У меня все еще в голове мутилось, и я не знала, что заказать.
– Я рассчитывал, что Белен отпустит твоего муженька, так или иначе, я бы ее уговорил. Опеку над мальчишкой предназначали мне, вы поселились бы где-нибудь близ Гаваны, и все были бы довольны, а я – смею думать – стал бы другом вашего семейства. А теперь? Хорошо; приедут англичане за тобой, отпустит Белен твоего конюшего, но мальчишку тебе не отдадут, это точно.

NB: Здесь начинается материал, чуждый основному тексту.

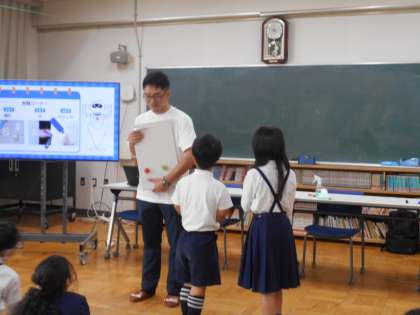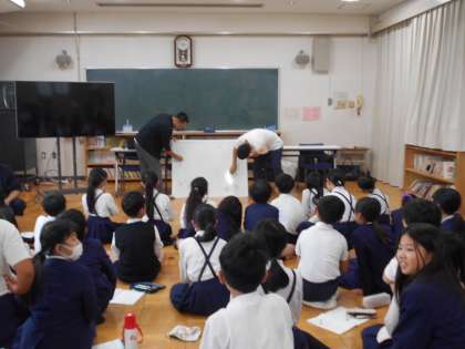 5年生が社会科で生産の学習をするため、、来月にタカラスタンダードへ見学に行きます。タカラスタンダードのゲストティーチャーを迎え、事前学習をしました。ホーローは汚れにくいなど、素材について教えてもらいました。

Если только тебя освободят твои настоящие хозяева и ты сможешь остаться здесь.
– Я могу на это рассчитывать.
– Пусть так; но нужно их участие в деле. Как, черт возьми, Белен писала эти письма? За полтора года можно было доплыть до Лондона и обратно даже на черепахе.

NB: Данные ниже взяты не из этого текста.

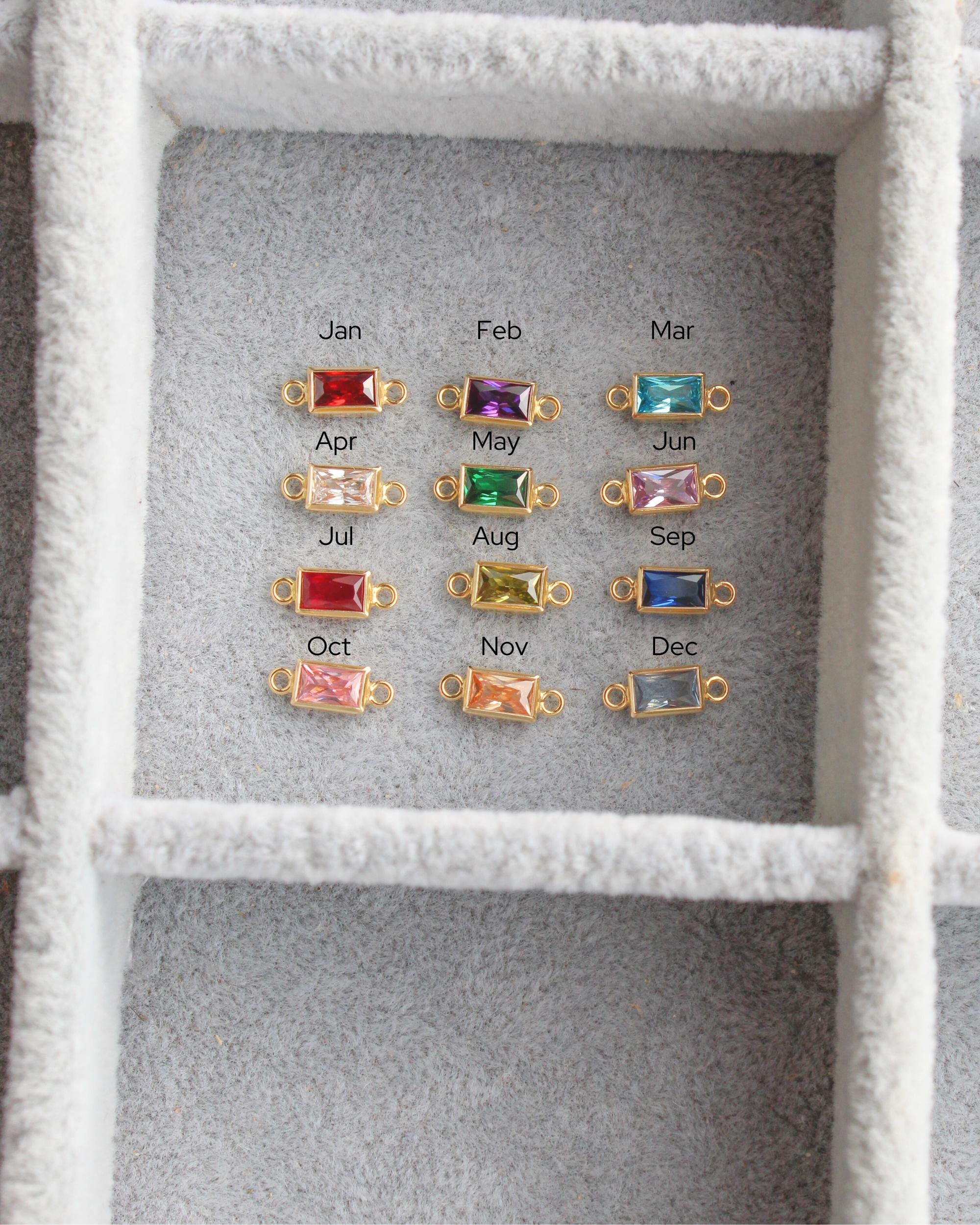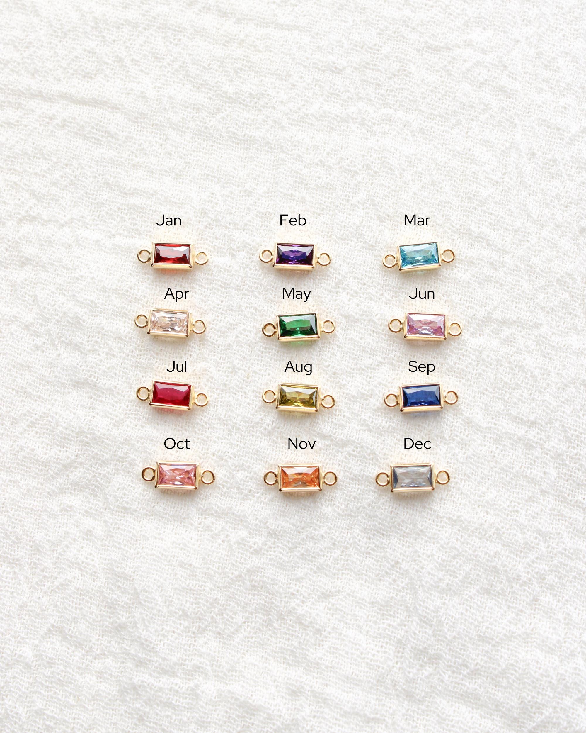 3mm rectangle bezel birthstone connector with 2mm closed ring

Потом он немного успокоился.
– Ладно! Постараемся извлечь из ситуации все, что возможно. Я сам напишу в Англию – мой жандармский статус кое-что значит. И разберусь в некоторых подробностях дела.
Он стал меня дотошно выспрашивать о месте, где я отлеживалась после побоев – приметы, названия, имена. Он закрутил целое расследование по службе и два дня не появлялся дома. Вернулся довольный: нашли это место, нашли улики, с меня снял официальный допрос и подшил к делу. Обычно краденых негров держали в каталажках до тех пор, пока за ними не являлись хозяева. Но лейтенант Суарес без труда добился того, чтобы меня оставили на его ответственность.
– Теперь твое освобождение – лишь вопрос времени. Если мистер Митчелл заупрямится, я его уговорю, выкуплю тебя, если потребуется. Остальное будет проще. Довольна?
Ах, о чем он спрашивал!
Но это было не все.
– Ты свободна. Скажи, ты не хочешь остаться со мной? Только со мной?
Я давно ждала этого вопроса.
– Я не могу и не хочу быть неблагодарной. Но ты просишь больше, чем я могу дать.
Как сейчас вижу его перед собой: закурил сигару, отошел к окну и долго смотрел в сад, пока горящий табак не стал жечь пальцы.
– Чем он так лучше меня? Я могу дать и тебе, и ребенку куда больше, чем он.
– Есть вещи, в которых не важны ни деньги, ни статус.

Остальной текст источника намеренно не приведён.